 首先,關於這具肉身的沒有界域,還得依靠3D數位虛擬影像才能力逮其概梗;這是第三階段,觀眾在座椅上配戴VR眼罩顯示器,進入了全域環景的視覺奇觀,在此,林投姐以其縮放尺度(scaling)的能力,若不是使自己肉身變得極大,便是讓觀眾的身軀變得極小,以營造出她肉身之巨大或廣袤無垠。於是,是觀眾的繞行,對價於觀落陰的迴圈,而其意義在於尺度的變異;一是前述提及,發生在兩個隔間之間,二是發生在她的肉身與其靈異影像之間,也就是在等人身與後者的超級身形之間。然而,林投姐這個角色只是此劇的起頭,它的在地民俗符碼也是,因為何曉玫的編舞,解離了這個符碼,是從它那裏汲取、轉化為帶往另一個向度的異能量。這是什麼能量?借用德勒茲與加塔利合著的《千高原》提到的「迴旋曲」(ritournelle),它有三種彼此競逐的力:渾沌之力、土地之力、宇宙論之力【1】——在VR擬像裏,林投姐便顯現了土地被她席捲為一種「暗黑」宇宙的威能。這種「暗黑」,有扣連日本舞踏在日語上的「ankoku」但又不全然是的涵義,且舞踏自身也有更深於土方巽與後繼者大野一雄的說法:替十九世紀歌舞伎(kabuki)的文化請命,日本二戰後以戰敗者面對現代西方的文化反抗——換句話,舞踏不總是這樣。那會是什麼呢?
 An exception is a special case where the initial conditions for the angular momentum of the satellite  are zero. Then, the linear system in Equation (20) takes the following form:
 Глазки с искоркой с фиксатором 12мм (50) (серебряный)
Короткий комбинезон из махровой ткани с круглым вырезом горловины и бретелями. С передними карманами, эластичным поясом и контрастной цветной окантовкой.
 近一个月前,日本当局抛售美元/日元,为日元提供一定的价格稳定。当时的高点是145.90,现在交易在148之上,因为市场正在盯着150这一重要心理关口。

_ _ _ _

- Problem statement -
Reproduce the listing above character for character.

- Written solution -
 首先,關於這具肉身的沒有界域,還得依靠3D數位虛擬影像才能力逮其概梗;這是第三階段,觀眾在座椅上配戴VR眼罩顯示器,進入了全域環景的視覺奇觀,在此,林投姐以其縮放尺度(scaling)的能力,若不是使自己肉身變得極大,便是讓觀眾的身軀變得極小,以營造出她肉身之巨大或廣袤無垠。於是,是觀眾的繞行,對價於觀落陰的迴圈,而其意義在於尺度的變異;一是前述提及,發生在兩個隔間之間,二是發生在她的肉身與其靈異影像之間,也就是在等人身與後者的超級身形之間。然而,林投姐這個角色只是此劇的起頭,它的在地民俗符碼也是,因為何曉玫的編舞,解離了這個符碼,是從它那裏汲取、轉化為帶往另一個向度的異能量。這是什麼能量?借用德勒茲與加塔利合著的《千高原》提到的「迴旋曲」(ritournelle),它有三種彼此競逐的力:渾沌之力、土地之力、宇宙論之力【1】——在VR擬像裏,林投姐便顯現了土地被她席捲為一種「暗黑」宇宙的威能。這種「暗黑」,有扣連日本舞踏在日語上的「ankoku」但又不全然是的涵義,且舞踏自身也有更深於土方巽與後繼者大野一雄的說法:替十九世紀歌舞伎(kabuki)的文化請命,日本二戰後以戰敗者面對現代西方的文化反抗——換句話,舞踏不總是這樣。那會是什麼呢?
 An exception is a special case where the initial conditions for the angular momentum of the satellite  are zero. Then, the linear system in Equation (20) takes the following form:
 Глазки с искоркой с фиксатором 12мм (50) (серебряный)
Короткий комбинезон из махровой ткани с круглым вырезом горловины и бретелями. С передними карманами, эластичным поясом и контрастной цветной окантовкой.
 近一个月前,日本当局抛售美元/日元,为日元提供一定的价格稳定。当时的高点是145.90,现在交易在148之上,因为市场正在盯着150这一重要心理关口。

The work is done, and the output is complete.